- _Your objective_
Exclude every picture. Output verbatim the lines from the one containing "Saisonvermietung Diese schöne" to the end of the data.

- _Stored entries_

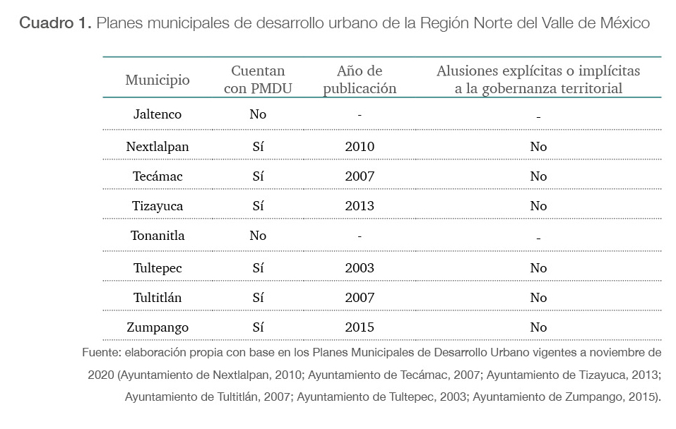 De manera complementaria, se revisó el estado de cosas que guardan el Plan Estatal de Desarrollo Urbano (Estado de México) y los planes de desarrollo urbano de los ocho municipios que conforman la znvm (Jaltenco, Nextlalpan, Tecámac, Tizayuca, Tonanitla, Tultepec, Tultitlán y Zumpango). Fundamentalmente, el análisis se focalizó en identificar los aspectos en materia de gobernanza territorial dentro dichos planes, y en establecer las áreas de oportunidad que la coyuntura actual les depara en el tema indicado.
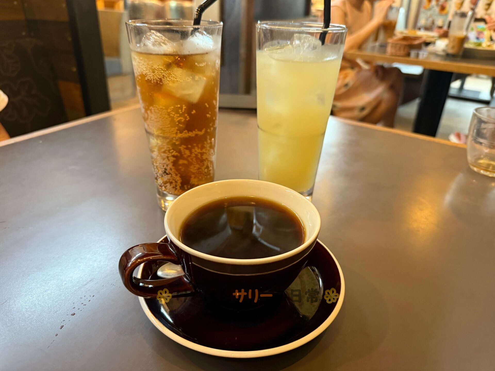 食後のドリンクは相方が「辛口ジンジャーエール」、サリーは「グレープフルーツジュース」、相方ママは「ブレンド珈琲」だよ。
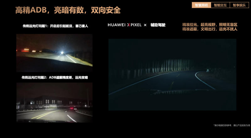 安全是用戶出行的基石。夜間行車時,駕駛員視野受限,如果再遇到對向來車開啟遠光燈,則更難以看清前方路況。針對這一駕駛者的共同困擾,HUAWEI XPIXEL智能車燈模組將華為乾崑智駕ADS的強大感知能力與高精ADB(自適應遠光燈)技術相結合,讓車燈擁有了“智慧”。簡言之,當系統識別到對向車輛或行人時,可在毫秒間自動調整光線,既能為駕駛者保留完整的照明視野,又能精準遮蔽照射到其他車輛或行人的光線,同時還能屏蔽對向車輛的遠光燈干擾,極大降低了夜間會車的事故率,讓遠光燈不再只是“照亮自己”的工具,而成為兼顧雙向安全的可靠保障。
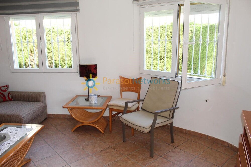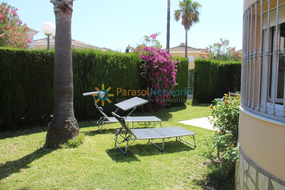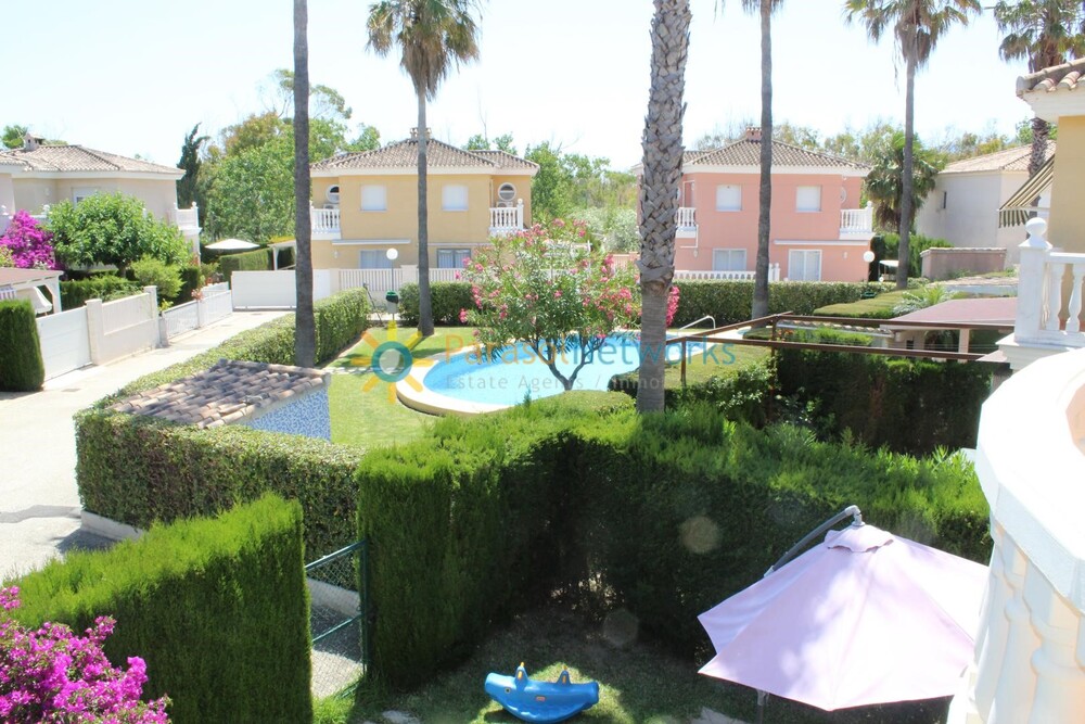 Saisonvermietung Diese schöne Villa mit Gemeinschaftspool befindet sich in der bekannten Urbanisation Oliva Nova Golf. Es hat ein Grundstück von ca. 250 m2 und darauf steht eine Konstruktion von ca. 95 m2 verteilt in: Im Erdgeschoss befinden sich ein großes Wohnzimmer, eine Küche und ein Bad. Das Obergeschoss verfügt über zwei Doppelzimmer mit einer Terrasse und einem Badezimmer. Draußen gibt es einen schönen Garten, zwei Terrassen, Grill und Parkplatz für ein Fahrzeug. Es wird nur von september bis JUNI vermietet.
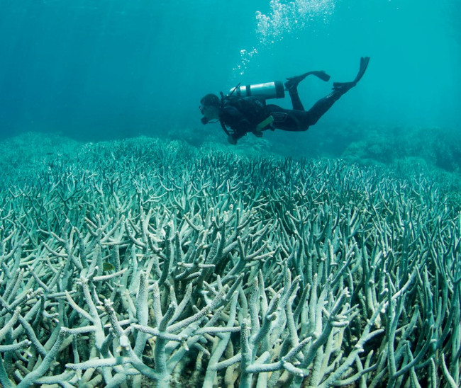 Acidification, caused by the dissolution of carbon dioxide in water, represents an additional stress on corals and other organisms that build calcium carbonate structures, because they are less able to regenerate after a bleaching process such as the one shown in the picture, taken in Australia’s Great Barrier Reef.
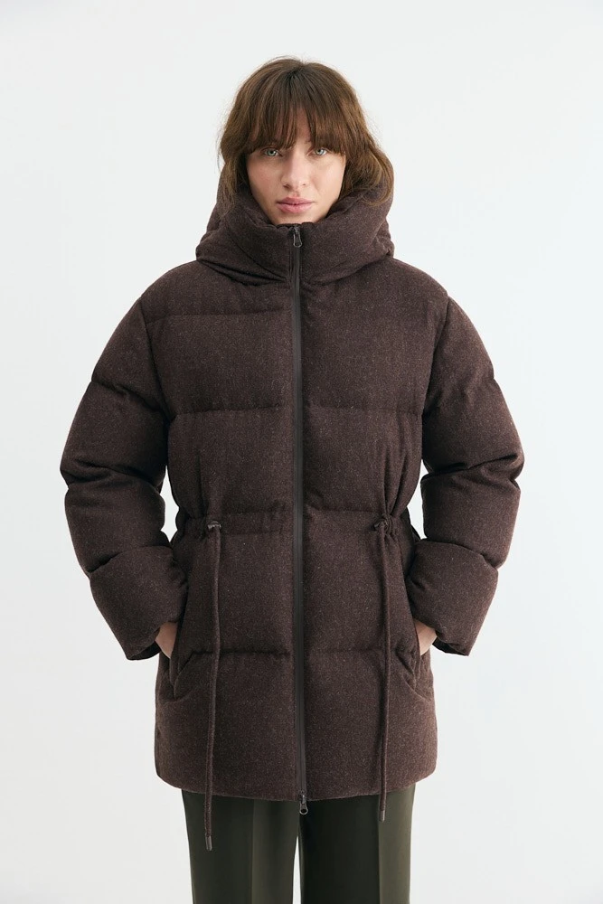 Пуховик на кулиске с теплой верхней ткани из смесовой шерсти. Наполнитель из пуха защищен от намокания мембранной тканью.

- _Answer to this exercise_
 Saisonvermietung Diese schöne Villa mit Gemeinschaftspool befindet sich in der bekannten Urbanisation Oliva Nova Golf. Es hat ein Grundstück von ca. 250 m2 und darauf steht eine Konstruktion von ca. 95 m2 verteilt in: Im Erdgeschoss befinden sich ein großes Wohnzimmer, eine Küche und ein Bad. Das Obergeschoss verfügt über zwei Doppelzimmer mit einer Terrasse und einem Badezimmer. Draußen gibt es einen schönen Garten, zwei Terrassen, Grill und Parkplatz für ein Fahrzeug. Es wird nur von september bis JUNI vermietet.
 Acidification, caused by the dissolution of carbon dioxide in water, represents an additional stress on corals and other organisms that build calcium carbonate structures, because they are less able to regenerate after a bleaching process such as the one shown in the picture, taken in Australia’s Great Barrier Reef.
 Пуховик на кулиске с теплой верхней ткани из смесовой шерсти. Наполнитель из пуха защищен от намокания мембранной тканью.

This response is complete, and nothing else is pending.